### [EXERCISE AIM]
With any pictures left out, restate word for word the lines in the listing below from the one holding "恥ずかしいあだ名 | 『プリティーあびすたに』『あびっちょ』 |" through the last.

### [SUPPLIED MATERIAL]
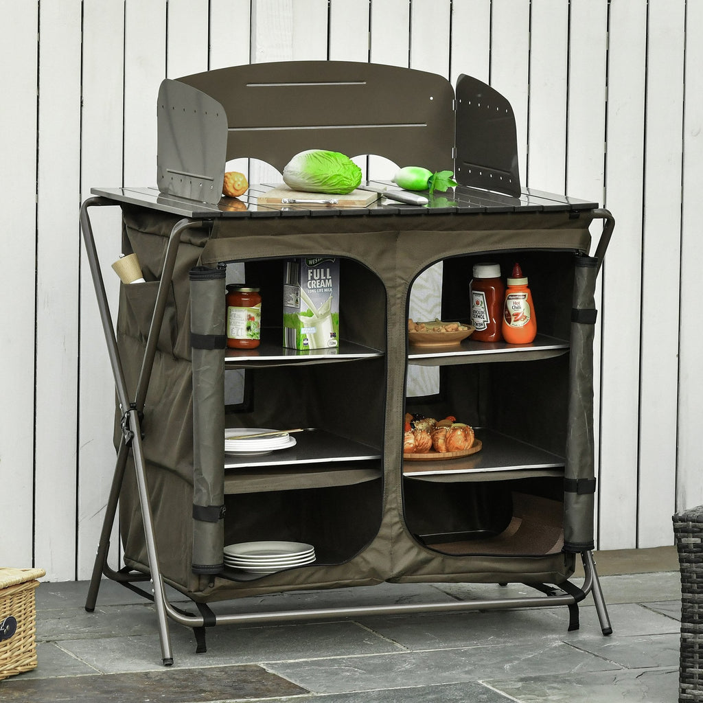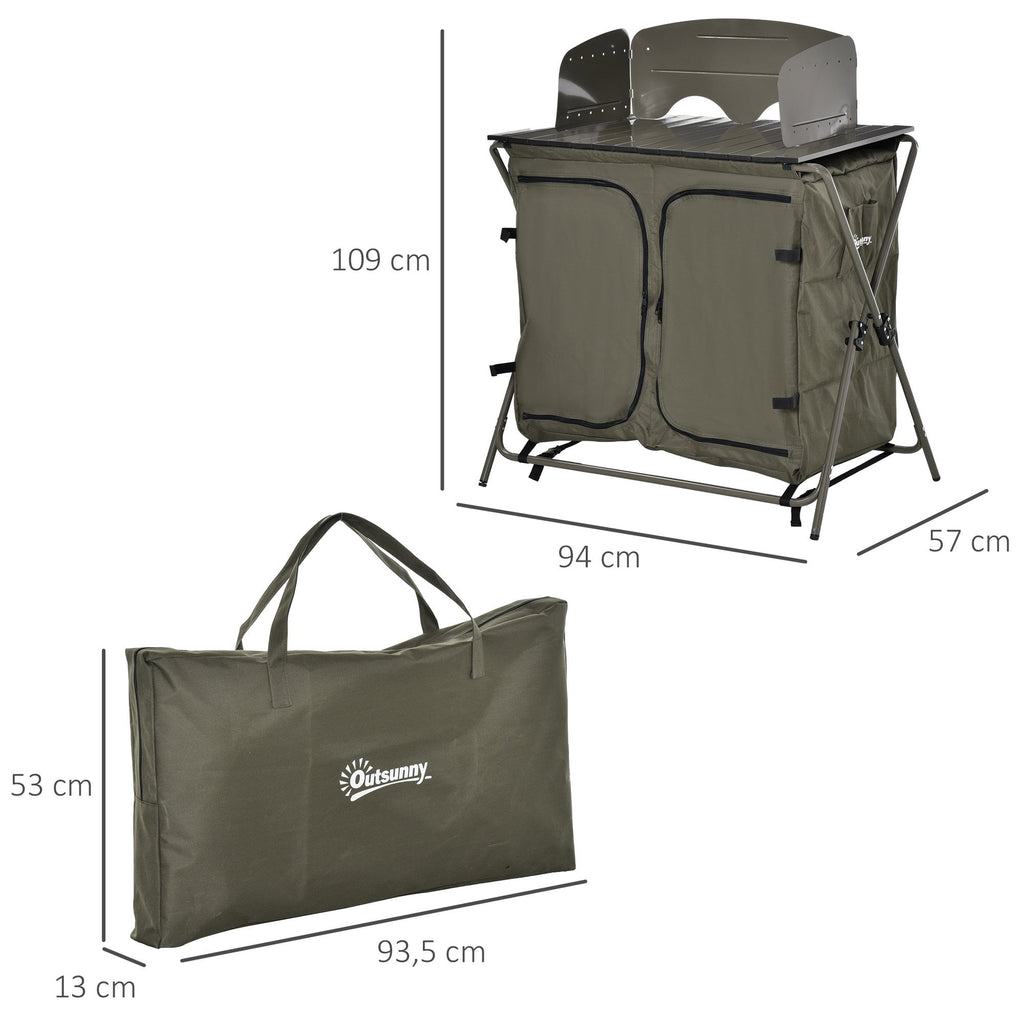 - MOBILE KITCHEN: Comes with an aluminum cooking table with a windshield, this portable kitchen cook station is the outdoor camping essential to enable you to enjoy a big meal anytime. Ideal for camping with tent, caravan, bus, and motorhome
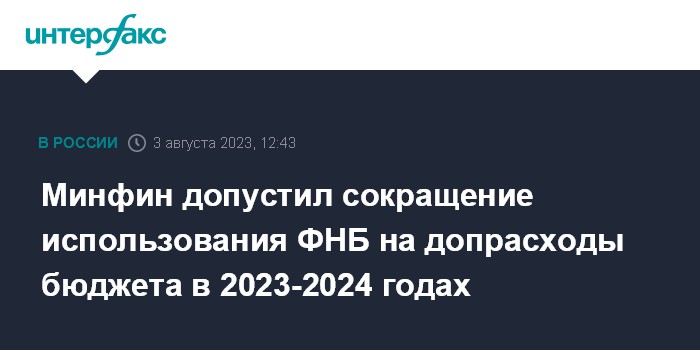 Минфин допустил сокращение использования ФНБ на допрасходы бюджета в 2023-2024 годах
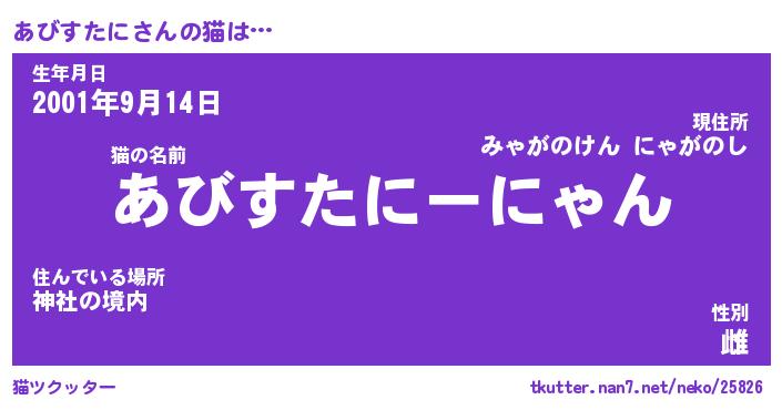 | 恥ずかしいあだ名 | 『プリティーあびすたに』『あびっちょ』 |
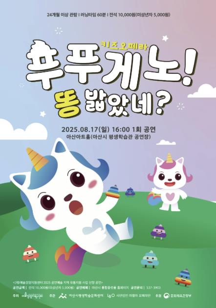 [뉴스스텝] 아산시가 ‘2025 공연예술 유통 지원사업’에 선정된 작품 키즈오페라 ‘푸푸게노! 똥 밟았네?’를 8월 방학 시즌을 맞아 17일 아산아트홀에서 개최한다.

### [RESPONSE BOX]
 | 恥ずかしいあだ名 | 『プリティーあびすたに』『あびっちょ』 |
 [뉴스스텝] 아산시가 ‘2025 공연예술 유통 지원사업’에 선정된 작품 키즈오페라 ‘푸푸게노! 똥 밟았네?’를 8월 방학 시즌을 맞아 17일 아산아트홀에서 개최한다.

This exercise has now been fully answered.